Does anybody have a suggestion for reclaiming gold from raw unused thick film paste? The composition besides gold powder contains glass frit and high viscosity organic solvents. Normally the paste is screen printed on alumina ceramic and fired in a belt furnace at under 1000C. The glass bonds the gold to the alumina surface. I am a beginner with basic chemistry and metallurgy knowledge. Thanks.


----------



## 4metals (Aug 24, 2016)

The paste usually has an oil based solvent which is flammable (at one time it was pine oil). I used to get in jars of the paste for refining and all I did was open up the lids and light the paste and let it burn off. you could also put the open paste bottles in an oven to do the same thing. 

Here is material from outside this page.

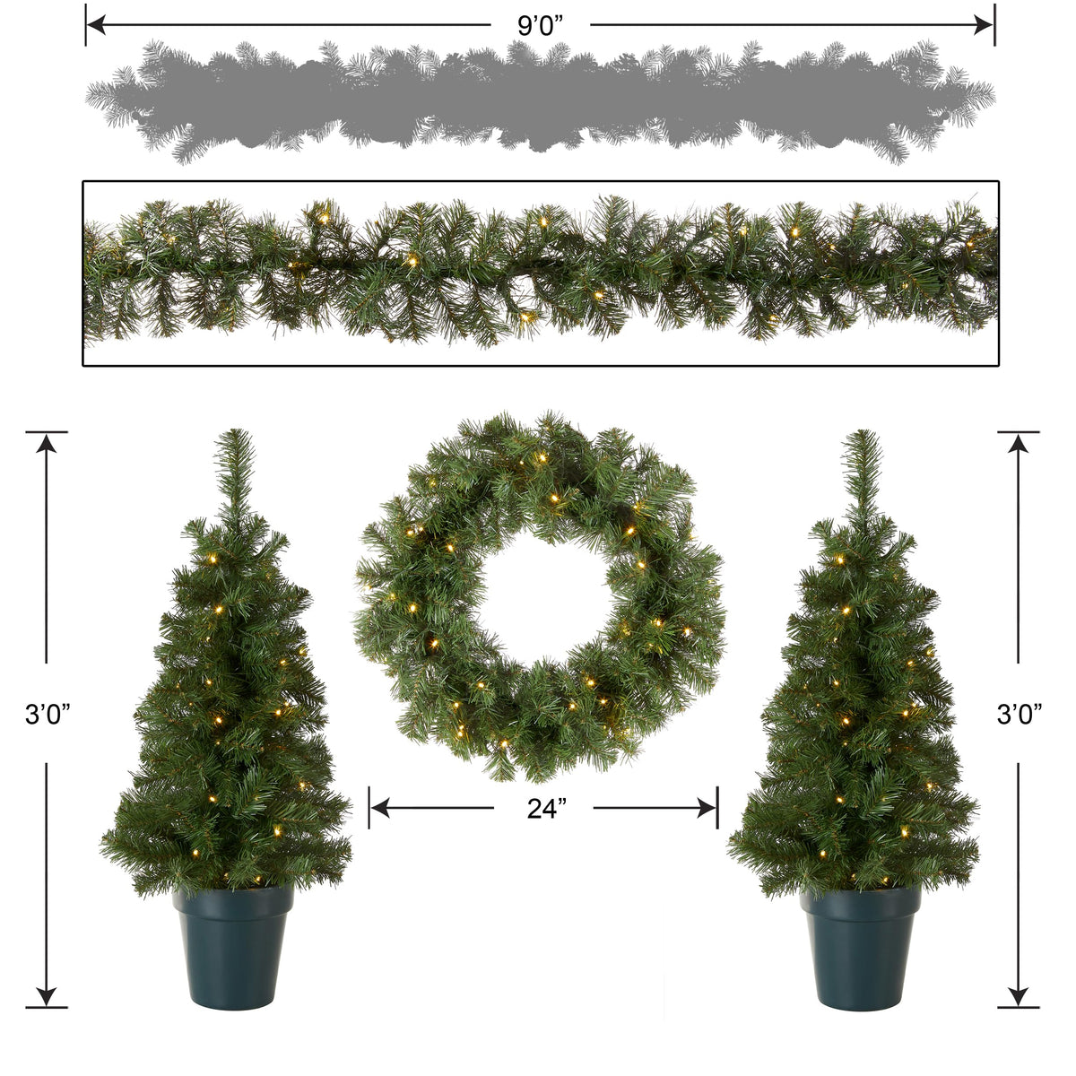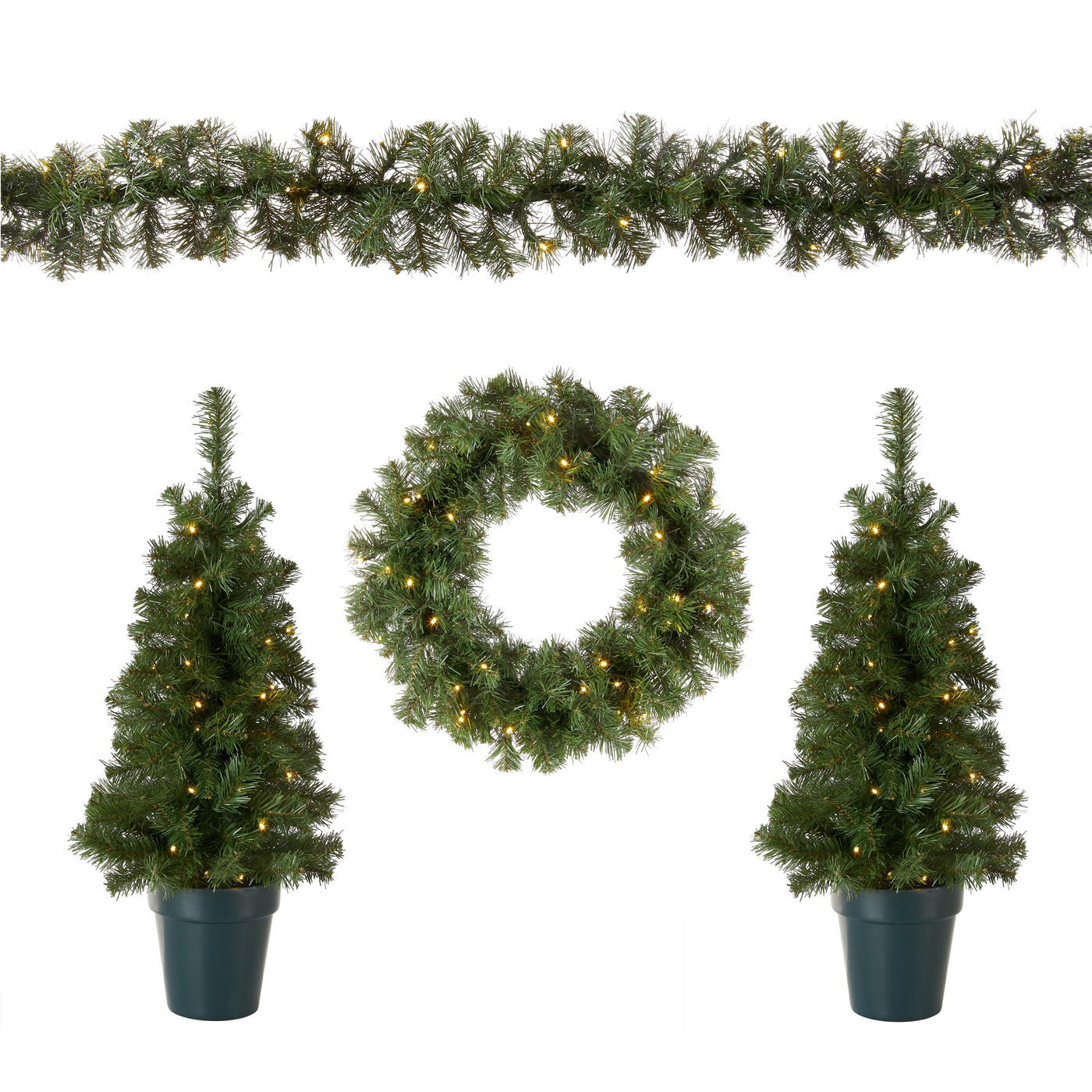 National Tree Company Pre-Lit Evergreen Collection Artificial Christmas Decoration Set, Includes 2 Mini Entrance Trees, 1 Garlan

The main thing you are trying to do is burn off the organic, after that, it is routine aqua regia refining to recover the gold. Since the burning will not approach the melting point of the gold the resulting chunks are easily broken up with a mortar and pestle and they dissolve quickly. 

When I refined the paste, I also processed a lot of scrap called Kin Wipes. They were a lint free paper towel which was used to clean up the printing apparatus that they printed the thick film circuits with. Since what they were cleaning off was gold paste, they yielded heavily. All I had to do was burn the paper off in a metal can and process the ash in aqua regia. 

Thick film paste material is high yielding waste from the thick film hybrid manufacturing industry.


----------



## nickvc (Aug 25, 2016)

I remember we had a lot of those type of bottles come in to refine, they were termed gold paints I think from the pottery industry and we did exactly as 4metals suggested to you burn off the oil and refine the residues with AR, and yes they were high yielding


----------